Opened 11 years ago

Closed 7 years ago

#650 closed merge (fixed)

Improve interaction between mutable arrays and GC

Reported by: simonmar Owned by: igloo
Priority: normal Milestone: 6.12.2
Component: Runtime System Version: 6.4.1
Keywords: Cc: dons, ertai, ganesh, sclv, blarsen
Operating System: Unknown/Multiple Architecture: Unknown/Multiple
Type of failure: Runtime performance bug Test Case:
Blocked By: Blocking:
Related Tickets: Differential Rev(s):
Wiki Page:

Description (last modified by simonmar)

This is the result of a discussion between myself and Simon PJ a few weeks ago, inspired by recent discoveries of poor performance with mutable arrays (eg. see Data.Hash discussion on glasgow-haskell-users around October 2005).

Note that all this applies to mutable arrays of pointers, i.e. IOArray and STArray, not to unboxed arrays, i.e. IOUArray and STUArray.

Current implementation

There are two primitive types: MutArray# and Array#. We convert between them with:

   unsafeFreezeArray# :: MutArr# s a -> State# s -> (# State# s, Array# a #)
   unsafeThawArray# :: Array# a -> State# s -> (# State# s, MutArr# s a #)

An Arr# is not normally on the old-gen mutable list, unless (a) it has pointers to young gen objects, or (b) it has been recently frozen. The implementation of unsafeFreezeArray# is a single write to the header word of the array. The implementation of unsafeThawArray# is slightly more complex: if the array was not already on the mutable list (indicated by the value of the header), then we add it. Also, we change the header word to indicate that the array is now mutable.

A MutArr# is always on the mutable list.

Objects pointed to by Array# are eagerly promoted to the generation in which the Array# resides, with the aim that the Array# can then be removed from the mutable list.

It is only safe to write to a MutArr#, so if multiple threads are accessing an array, they should not be doing thaw/freeze tricks without extra locking around the array (such behaviour can cause the GC to crash).

The Problem

The problem is that mutable arrays are always completely traversed on every GC. To get around this, we can keep an array in a frozen state and thaw it just before writing, then freeze it again afterward. This is a bit inconvenient, not to mention unsafe with multiple threads unless extra locking is used.

Furthermore, a modified array is completely scanned, whereas for larger arrays it would be much better to just scan the part of the array that had been modified (known in the GC literature as "card-marking").

The benefit of the current approach is that writing to a mutable array is a single write instruction, whereas to do card-marking or something else requires a write-barrier. The unsafeThaw/write/unsafeFreeze sequence amounts to a write barrier, so if this is a common technique we should provide an easy way to do it, possibly making it the default.

Solutions

Leaving aside card-marking for now, let's think about incorporating the write barrier in the write operation.

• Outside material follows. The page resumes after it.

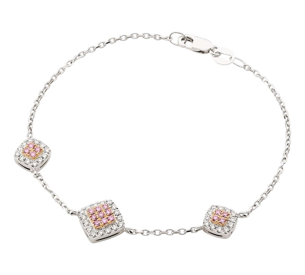 Elegant 18ct White Gold & Rose Gold Diamond Australian Pink and White Diamond Bracelet.

Suppose that mutable arrays are always kept on the mutable list, but the header word indicates whether the array needs to be scanned or not (eg. we have MUT_ARR_DIRTY, MUT_ARR_CLEAN). The array write op should (a) set the header to MUT_ARR_DIRTY, and (b) do the write. The GC turns MUT_ARR_DIRTY into MUT_ARR_CLEAN when everything the array points to is in the same generation (or older).

Downsides to this:

  • intitialising a mutable array, or doing block writes, will be more painful, because each write will have the write barrier (perhaps not too painful)

How does freezing/thawing interact with this? We currently create immutable arrays by starting with a MutArr#, intitialising it, and then freezing it to make an Arr#. We can still do this, exactly as now (and with the same thread-unsafety), but initialization will be a bit slower due to the write barrier.

Block writes

We could try to provide for "block writes", by allowing a thread to "open" the array for modification, and then "close" it again after it had finished writing, with all writes in between being done without a write barrier. This would replace unsafeThaw/unsafeFreeze.

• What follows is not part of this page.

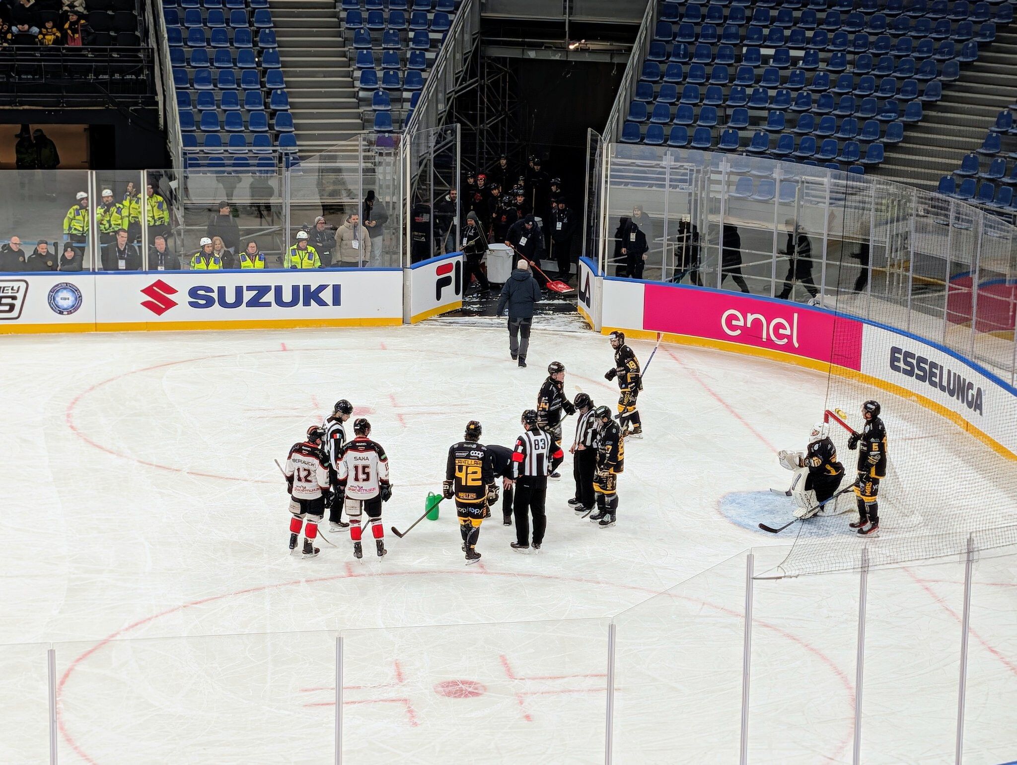 La gara è stata interrotta per diversi minuti nel corso del primo quarto di gioco a causa della formazione di un buco nella superficie ghiacciata. L'imprevisto ha costretto gli addetti ai lavori a un intervento d'emergenza per ripristinare la sicurezza della pista. Una volta risolto il problema, il match è ripreso regolarmente concludendosi con la netta vittoria del Caldaro per 8-3.

To do this safely, we would have to use some kind of synchronisation on the open/close; techniques that we came up with were to increment (atomically) a counter in the array header, or to allocate a new heap object pointing to the array in the current thread's allocation area.

Card marking

We could refine the write barrier so that it marks just part of the array as dirty, instead of the whole array. The natural choice is to put the mark bit in the block descriptor for the current block, giving us a granularity of 4/8k, which is possibly a bit large but other solutions are much more expensive. Even this would significantly increase the cost of the write barrier, so it may be that we want a different kind of array type for this (LargeMutArr#?). Furthermore, currently not all arrays have their own block descriptors ("large objects" in GHC's storage manager), the small ones are allocated in movable memory. To do this, we would have to ensure that every array had its own block (or check in the write barrier, which adds even more expense).

IORefs

This also affects IORefs, which are essentially single-element IOArrays. I just noticed that GHC often has a large number of IORefs hanging around in the heap from the typechecker, and the cost of traversing the mutable list can dominate minor GCs.

Change History (29)

comment:1 Changed 11 years ago by simonmar

Description: modified (diff)

comment:2 Changed 11 years ago by simonmar

Milestone: 6.6

Dropped milestone. Some of this work has been done in 6.6 already: mutable arrays are only traversed during GC if they were modified since the last GC (although they remain on the mutable list), and IORefs are only placed on the mutable list when they are modified. Threads are also marked as clean/dirty to avoid traversing a thread's stack if it hasn't run since the last GC.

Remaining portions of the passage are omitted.